Cable & Wireless plc
- Traded as: LSE: CW.
- Industry: Telecommunications
- Founded: 1869; 157 years ago
- Defunct: 26 March 2010; 16 years ago
- Fate: Split to form Cable & Wireless Communications and Cable & Wireless Worldwide
- Headquarters: Bracknell, Berkshire, United Kingdom
- Parent: Cable & Wireless (Holding) Ltd. (1934–1947)
- Website: cw.com at the Wayback Machine (archived 2009-05-14)

= Cable & Wireless plc =

British telecom firm

Cable & Wireless plc was a British telecommunications company.

The firm could trace its origins back to 1869 and the business interests of Sir John Pender, who (via the merger of three separate telegraph companies) became the first chairman of the newly-created Eastern Telegraph Company in 1872. The firm expanded largely through acquisitions of other telegraph companies, operating 22,400 miles by 1887. The company's cable services were heavily used during the First World War, and the cables themselves became targets of warfare in themselves for the first time.
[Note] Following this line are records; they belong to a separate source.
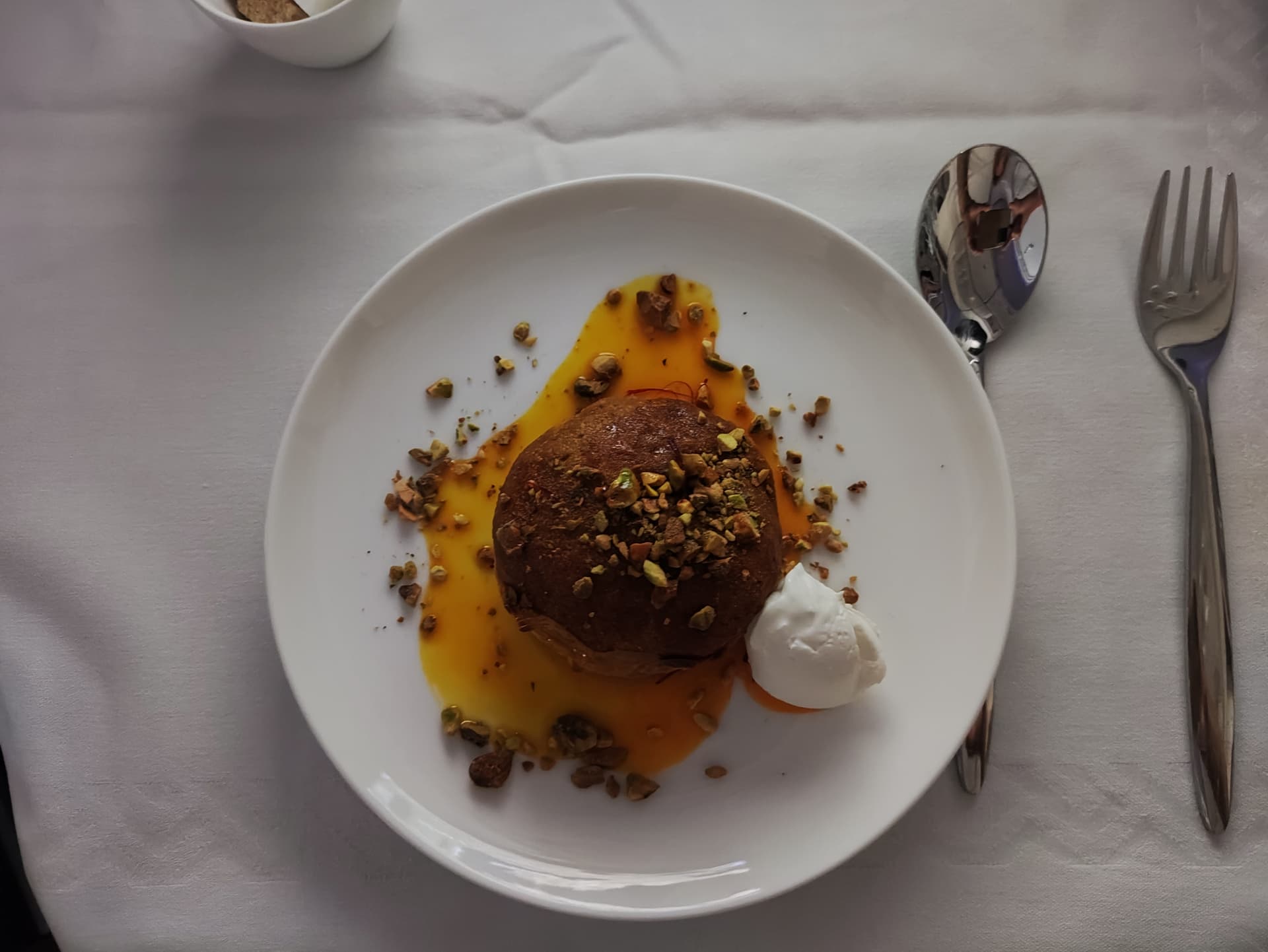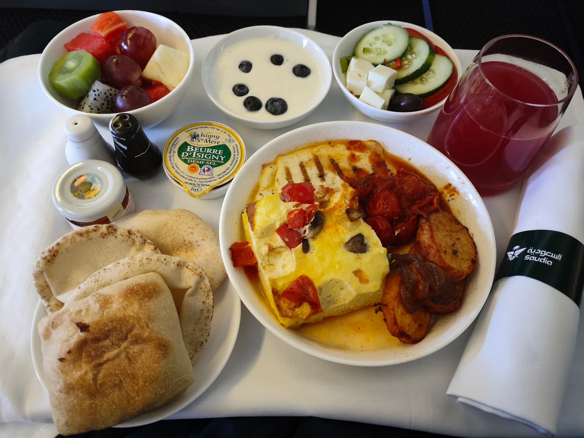 Hier gabs, weil wir ganz hinten saßen, das Saudi Suffrah nur noch einmal, sonst hätten wir es beide genommen. War aber beides sehr lecker. Auch im ersten Flug schon (ebenfalls ganz hinten), musste erst geprüft werden, ob es unsere Wahl überhaupt noch gäbe.
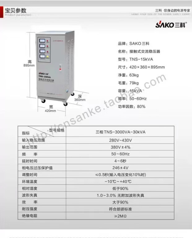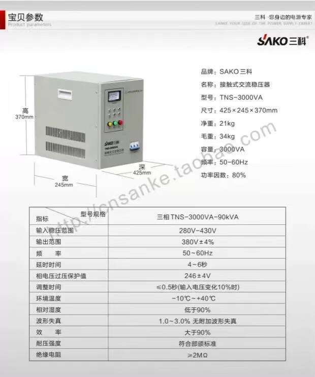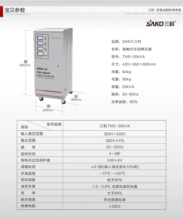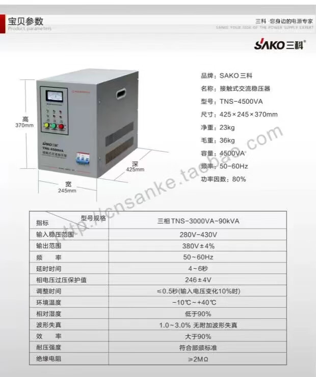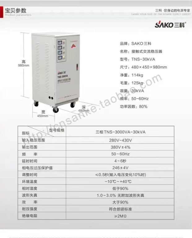 SAKO Sanke 30000W automation instrument CNC machine tool dedicated three-phase voltage regulator TNS-90KVA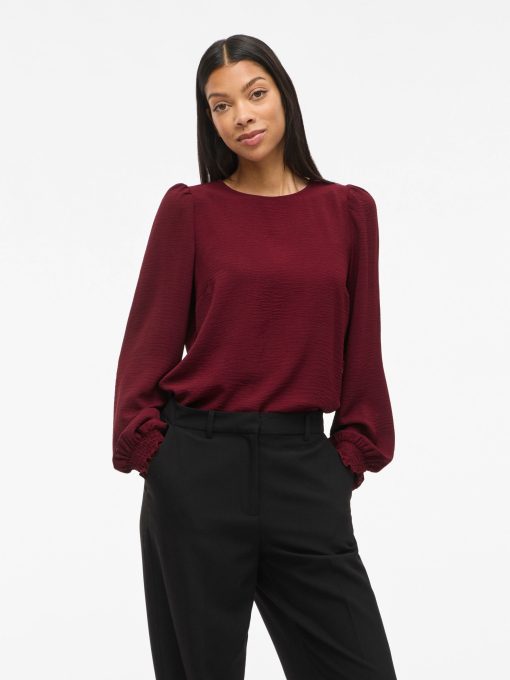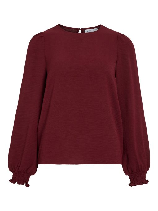 VILA Women’s Vimay Round Neck Long Sleeved Top | Cabernet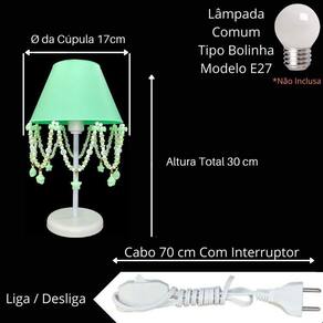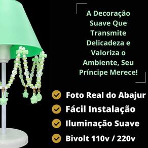 - cúpula de polipropileno plástico resistente na cor verde; - base em acrílico branco; - haste de acrílico branco; - pingentes de estrela, pérolas, caracol, balinhas verde, emojis; - altura total do abajur 30 cm; - diâmetro maior da cúpula mede 17 cm; - soquete para lâmpadas modelo e-27 bivolt aceita lâmpadas 110v e 220v ; - usar lâmpada de no máximo 40w lâmpada não incluso ; - importante: imagens reais do produto, porém as cores dos pingentes e pérolas podem variar de acordo com cada produto fabricado, conforme disponibilidade Do estoque
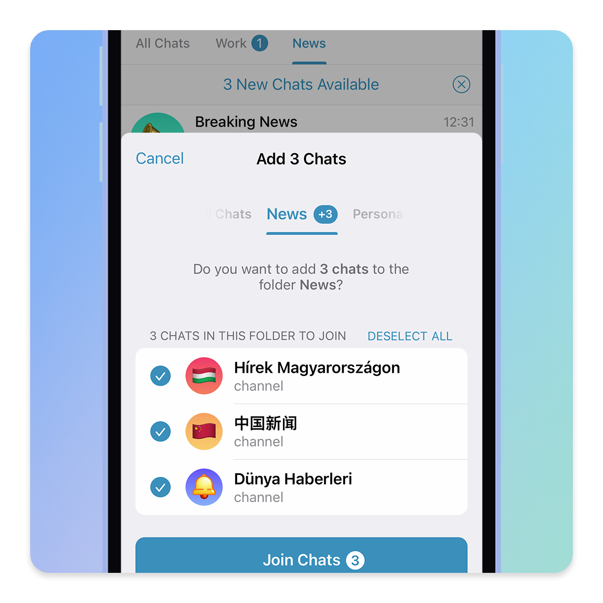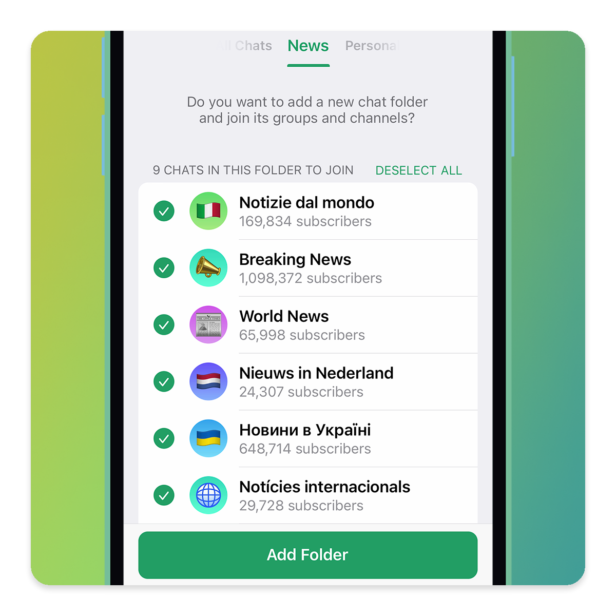 کاربران می‌توانند به راحتی پوشه‌های گفتگوی سفارشی متشکل از ۲۰۰ گفتگوی مختلف ساخته و با یک لینک ساده، آن را با دوستان، همکاران و یا دنبال کنندگان خود به اشتراک بگذارند. مخاطبین آن‌ها نیز می‌توانند با یک دکمه، بلافاصله به تمامی گروه‌ها و گفتگوهای درون پوشه بپیوندند.

The interwar period saw rising competition from radio communications, such as Marconi's Wireless Telegraph Company, thus the communications methods of the British Empire were merged into one operating company in 1928 to create the Imperial and International Communications Ltd; six years later, it was renamed as Cable and Wireless Limited. In 1947, Cable and Wireless was nationalised by the British government and its UK-based assets were integrated with those of the General Post Office.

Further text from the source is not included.